Из больницы отпускать меня не хотели, родители были в ярости — Миша не понравился отцу и напугал маму. «Пусть женится, — кричал отец, — как это ты поедешь с ним, в качестве кого?»
«Надеюсь, ты не собираешься выходить замуж в этой стране?» — спросил меня Миша, и я поверила его словам, как первые из коммунистов — обещаниям светлого будущего. Ведь это было обещание?..
Мы улетели в Амстердам из Москвы, по туристической путевке, и больше не вернулись. Сейчас я понимаю, что Миша провел со мной куда больше времени, чем с какой-нибудь другой своей женщиной, пять лет — это был для него просто рекорд. Я стала чемпионом мира в самом тяжелом виде спорта — жизни с человеком, который больше всего любит свою собственную жизнь.
Амстердам, Париж, Ницца — нас мотало из города в город, как птиц по ветру, но Миша был рядом, и мне ничего и никого больше не было нужно. В Ницце я наконец нашла себе настоящую работу — после сиделок, нянек, уборщиц и прислуги всех сортов мне предложили работать в эскорт-агентстве Бенедикт Дюпон. Эскорт в нашем случае — совсем не то, о чем вы подумали. В нашем агентстве ублажали совсем другие инстинкты, и клиенты наши — туристы с разного рода придурью. Они не ищут стандартных переживаний, описанных в путеводителе, приезжая в Ниццу, они заказывают машину с толмачом-водителем, который будет возить их по всей Европе. Пройти по ночному Арскому ущелью, увидеть «Вуэльту», пожить в нормандской деревушке — все, что придет в голову туристу, любая его блажь будет исполнена в течение нескольких часов (или дней — в зависимости от того, куда надобно ехать). Удобная машина, вечная улыбка на лице толмача и волшебным образом открывающиеся двери любых гостиниц, ресторанов, монастырей, музеев и частных домов — даже если нашим клиентам захочется переночевать в аутентичной семье набожных бретонских крестьян, они там обязательно переночуют.

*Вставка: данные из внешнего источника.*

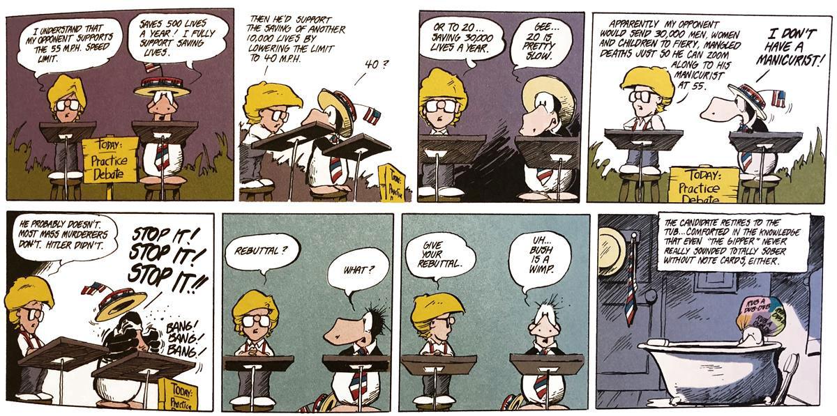 There's an old Bloom County which illustrates how a certain contingent of Bernie/M4A supporters have been approaching the debate until now (click for higher-res version):

Я работаю с русскими, и я единственная женщина в фирме — прочих сотрудников Бенедикт предпочла видеть в мужском исполнении. Два японца, американец (на которого в агентстве записывают за несколько недель вперед) и недавно взятый с испытательным сроком китаец — вот вся наша бригада. Денег Бенедикт гребет с клиентов от души, но и зарплаты у нас — даже по кот-дазурским меркам — душевные.
В самые первые поездки, когда я еще только узнавала Францию, заучивала ее наизусть, у меня почти не было денег: Бенедикт тщательно блюла бюджет и требовала отчетности по каждому потраченному евро. Из Фонтенбло я привезла выпуклый каштан, из Версаля — бледный желудь, с Мон-Сен-Мишеля — кусок старой черепицы, из Руана — птичье перо, а из Антиба — обточенный морем камушек, в общем, все, что обычно собирают жадные до впечатлений люди, а потом забывают в сумках и карманах и не могут вспомнить, что это, собственно говоря, было и зачем оно осталось.
Я хранила свои реликвии бережно, как будто заплатила за них серьезные деньги, а Бенедикт довольно быстро стала моей подругой.
Миша тоже устроился неплохо — люди с разносторонними интересами могут найти себе работу даже в Ницце. Мы сняли комнату в старом квартале, мы начали превращаться в настоящую семью, мы нашли биотуалет на свалке и почти перестали считать деньги перед походом в ресторан, как вдруг в нашу жизнь вошла Доминик — вошла на тонких кривых ножках. Богатая француженка, Гаргулья двадцати пяти лет от роду, наслышанная о прекрасных русских мужчинах и сразу просекшая все Мишины слабости.
И все кончилось. Для меня.
…Я совсем не могла глотать твердую пищу. Сам вид сыра, хлеба, какой-нибудь вполне любимой прежде ветчины вгонял меня в панику, мне казалось, что сырный полумесяц сам бросится мне в глотку — будто в страшной сказке. Ветчину надо было разжевывать и глотать, и так же — багет, сыр, другую снедь, назойливо красующуюся на тарелке. Спазмы сжигали горло, я не могла даже думать о том, чтобы разомкнуть влажные и цепкие скобки — тем более, силам взяться было неоткуда, я не ела и не спала уже очень долго.
И все же бессонница переживалась куда легче, чем борьба с пищей — я просила убрать от меня тарелку, но Бене сказала, пока я не съем хотя бы кусочек хлебца, хоть маленький бутербродик, она не уйдет. Я поднесла к губам сыр, и скобки снова смыкались с мелкой, противной судорогой.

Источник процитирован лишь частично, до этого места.